▸ PROBLEM TO WORK ON:
After locating the line with "Do denim day" below, output it and each following line exactly, stopping after the line with "計量合格證書(shū) 制造計量器具許可證". No pictures.

▸ RECORDS FOR THE EXERCISE:
* * * * *

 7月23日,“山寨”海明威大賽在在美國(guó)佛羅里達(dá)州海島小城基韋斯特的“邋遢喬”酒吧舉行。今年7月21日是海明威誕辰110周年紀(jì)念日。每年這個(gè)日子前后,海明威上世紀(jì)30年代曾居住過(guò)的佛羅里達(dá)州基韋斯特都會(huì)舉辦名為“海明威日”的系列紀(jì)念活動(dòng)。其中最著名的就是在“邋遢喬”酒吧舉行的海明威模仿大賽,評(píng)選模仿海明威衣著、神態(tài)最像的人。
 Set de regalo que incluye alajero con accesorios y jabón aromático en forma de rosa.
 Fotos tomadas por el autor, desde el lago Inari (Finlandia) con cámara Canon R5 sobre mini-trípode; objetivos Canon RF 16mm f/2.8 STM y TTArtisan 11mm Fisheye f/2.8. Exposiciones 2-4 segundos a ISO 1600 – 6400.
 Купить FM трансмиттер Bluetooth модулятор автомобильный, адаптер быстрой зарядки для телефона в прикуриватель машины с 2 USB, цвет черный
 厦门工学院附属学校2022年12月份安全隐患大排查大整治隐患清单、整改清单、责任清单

* * * * *

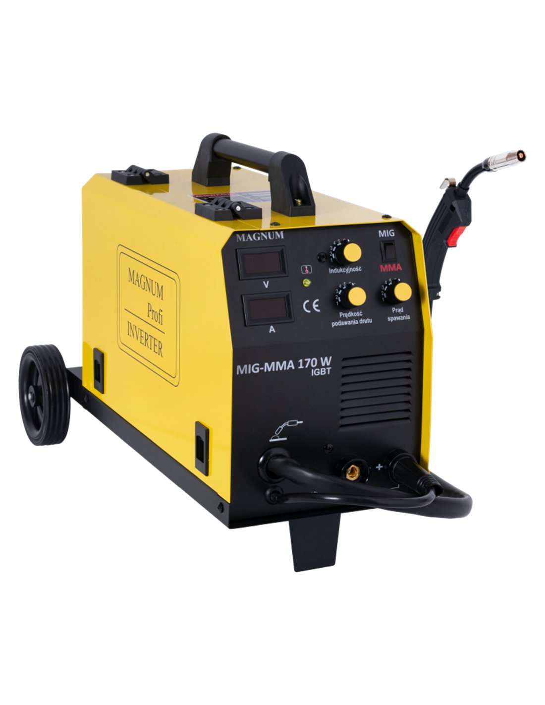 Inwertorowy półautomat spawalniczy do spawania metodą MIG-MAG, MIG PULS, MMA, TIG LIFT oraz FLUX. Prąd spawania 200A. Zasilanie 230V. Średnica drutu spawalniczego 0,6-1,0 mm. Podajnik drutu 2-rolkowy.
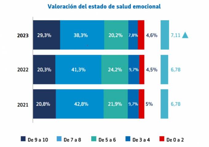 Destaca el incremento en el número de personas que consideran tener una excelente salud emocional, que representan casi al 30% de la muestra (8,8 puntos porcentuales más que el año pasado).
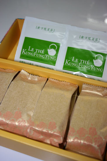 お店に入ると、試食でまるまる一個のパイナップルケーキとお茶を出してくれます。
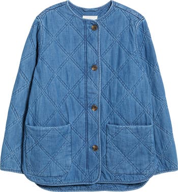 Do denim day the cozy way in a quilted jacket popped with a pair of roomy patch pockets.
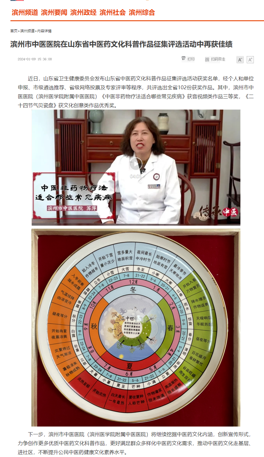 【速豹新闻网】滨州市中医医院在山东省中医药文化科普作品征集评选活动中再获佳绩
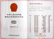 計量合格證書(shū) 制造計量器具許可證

* * * * *

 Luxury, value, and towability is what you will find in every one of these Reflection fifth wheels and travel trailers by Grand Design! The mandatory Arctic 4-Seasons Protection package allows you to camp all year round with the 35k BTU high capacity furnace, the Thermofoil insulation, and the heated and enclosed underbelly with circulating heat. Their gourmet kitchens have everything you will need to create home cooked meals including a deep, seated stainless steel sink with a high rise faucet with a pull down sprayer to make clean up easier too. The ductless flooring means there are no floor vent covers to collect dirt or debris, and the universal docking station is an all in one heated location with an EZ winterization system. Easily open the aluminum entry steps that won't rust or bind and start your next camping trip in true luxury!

* * * * *

▸ RESPONSE BELOW:
 Do denim day the cozy way in a quilted jacket popped with a pair of roomy patch pockets.
 【速豹新闻网】滨州市中医医院在山东省中医药文化科普作品征集评选活动中再获佳绩
 計量合格證書(shū) 制造計量器具許可證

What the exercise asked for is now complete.